*EXERCISE GOAL*. From the records, report how many lines hold the word "This", with the number as the sole reply.

*SUPPLIED RECORDS*.
__________

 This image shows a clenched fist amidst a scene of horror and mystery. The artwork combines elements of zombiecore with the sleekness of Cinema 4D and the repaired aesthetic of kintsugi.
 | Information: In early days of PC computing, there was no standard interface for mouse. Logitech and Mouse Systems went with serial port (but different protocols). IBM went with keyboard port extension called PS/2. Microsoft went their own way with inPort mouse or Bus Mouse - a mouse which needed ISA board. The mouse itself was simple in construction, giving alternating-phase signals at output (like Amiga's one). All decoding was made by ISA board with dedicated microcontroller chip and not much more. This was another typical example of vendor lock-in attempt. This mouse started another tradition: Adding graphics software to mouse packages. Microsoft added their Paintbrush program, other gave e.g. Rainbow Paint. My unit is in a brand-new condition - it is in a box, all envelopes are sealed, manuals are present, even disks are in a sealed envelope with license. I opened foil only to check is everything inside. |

__________

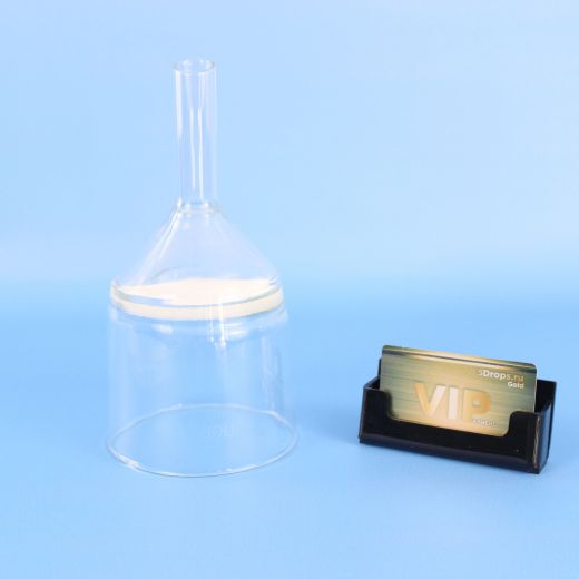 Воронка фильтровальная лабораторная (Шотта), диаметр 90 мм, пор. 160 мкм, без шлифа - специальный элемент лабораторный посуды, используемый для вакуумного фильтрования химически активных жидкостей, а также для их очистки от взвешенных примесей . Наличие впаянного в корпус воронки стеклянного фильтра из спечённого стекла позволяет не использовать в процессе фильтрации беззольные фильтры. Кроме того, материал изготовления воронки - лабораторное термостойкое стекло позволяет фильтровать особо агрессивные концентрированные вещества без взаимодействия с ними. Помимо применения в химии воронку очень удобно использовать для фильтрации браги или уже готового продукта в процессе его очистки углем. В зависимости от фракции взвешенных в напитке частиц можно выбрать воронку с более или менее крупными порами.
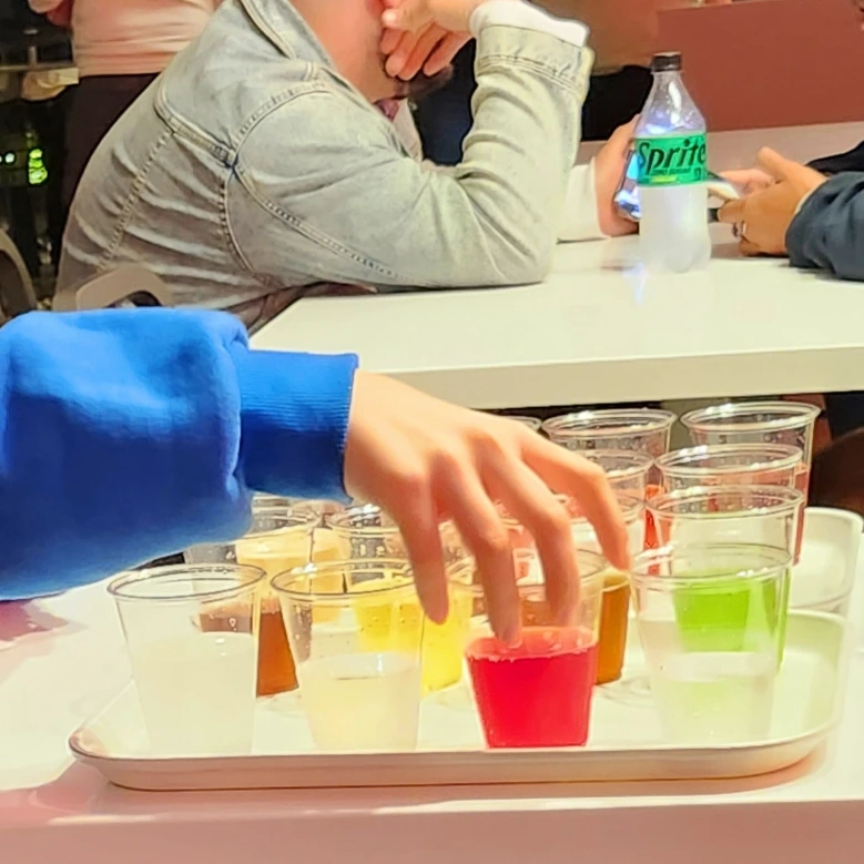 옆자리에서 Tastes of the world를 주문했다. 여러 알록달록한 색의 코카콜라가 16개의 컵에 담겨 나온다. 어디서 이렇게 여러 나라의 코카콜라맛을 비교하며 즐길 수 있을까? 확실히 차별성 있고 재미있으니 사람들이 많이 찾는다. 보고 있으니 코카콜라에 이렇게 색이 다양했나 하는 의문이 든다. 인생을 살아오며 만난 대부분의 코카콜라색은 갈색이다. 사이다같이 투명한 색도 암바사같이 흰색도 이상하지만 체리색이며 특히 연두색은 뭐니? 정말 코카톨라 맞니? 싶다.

__________

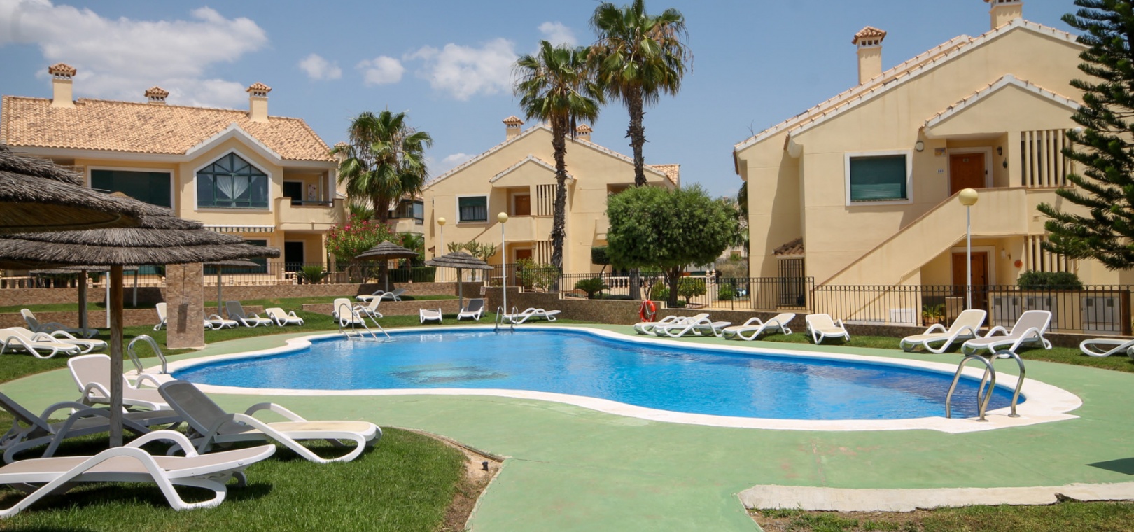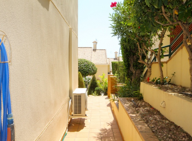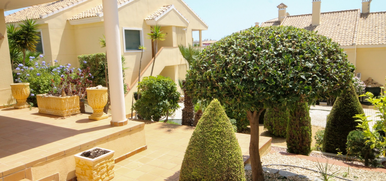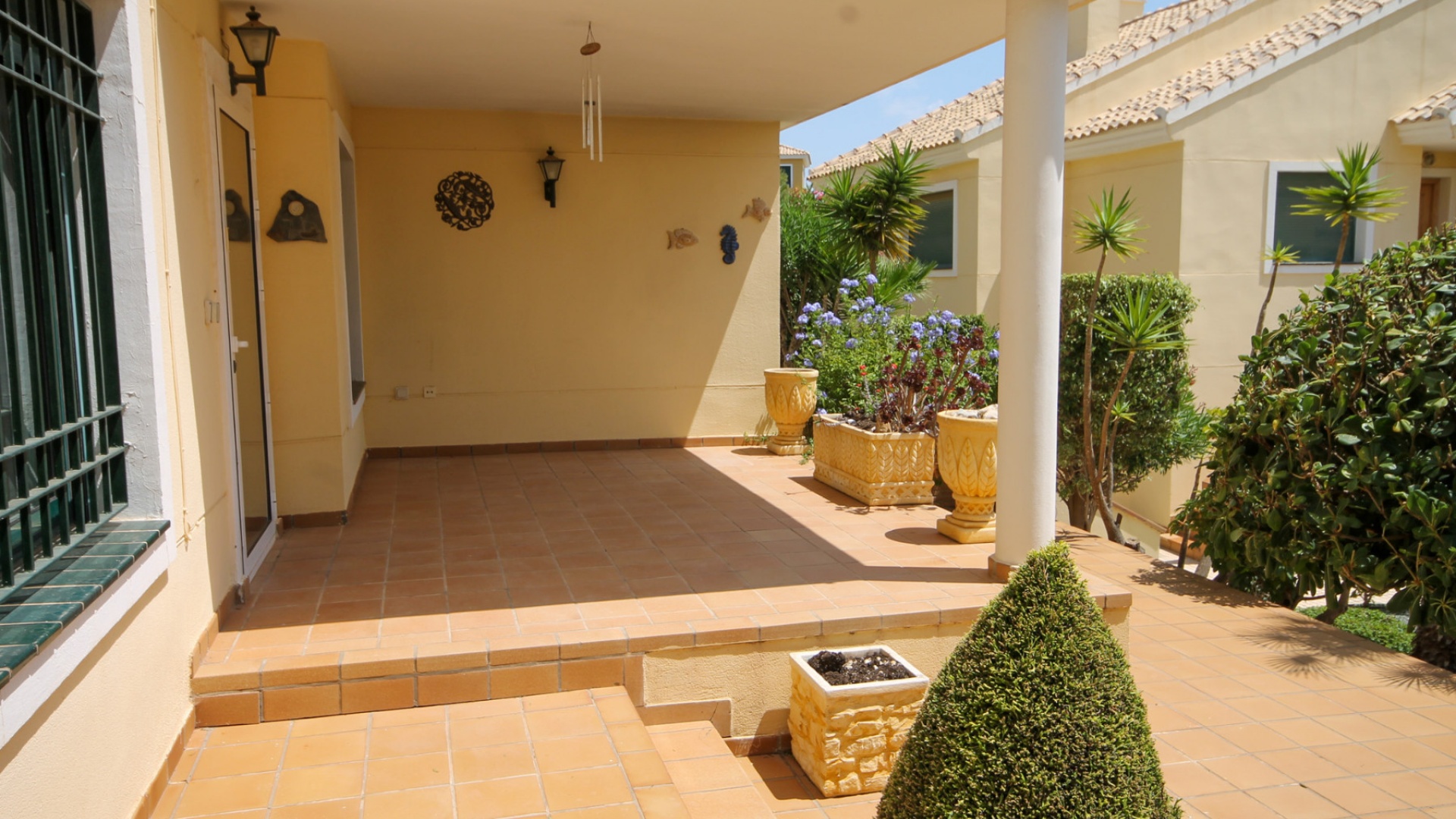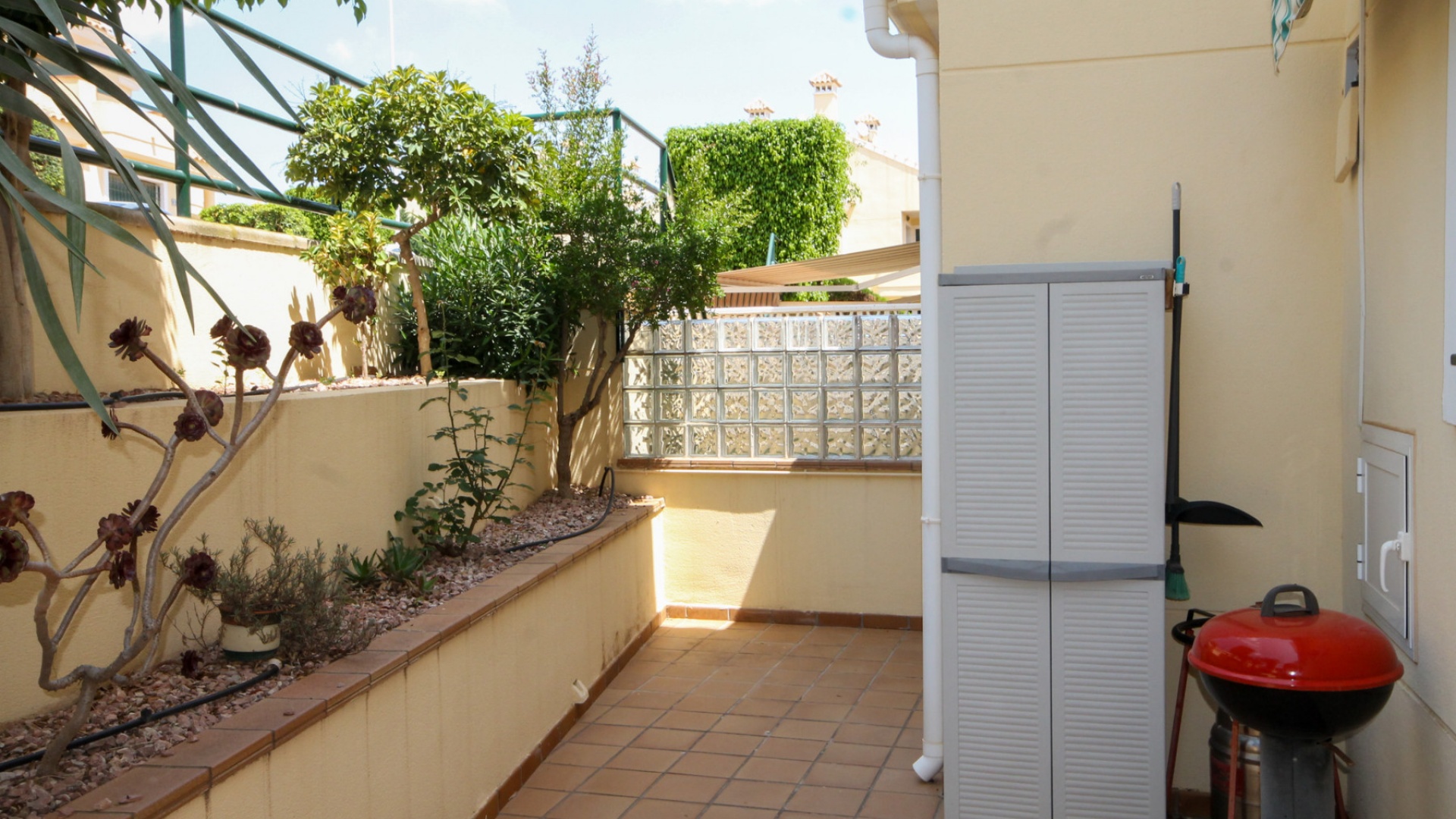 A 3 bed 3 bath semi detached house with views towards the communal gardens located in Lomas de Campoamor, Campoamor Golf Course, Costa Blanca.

__________

*WORKED SOLUTION*. 2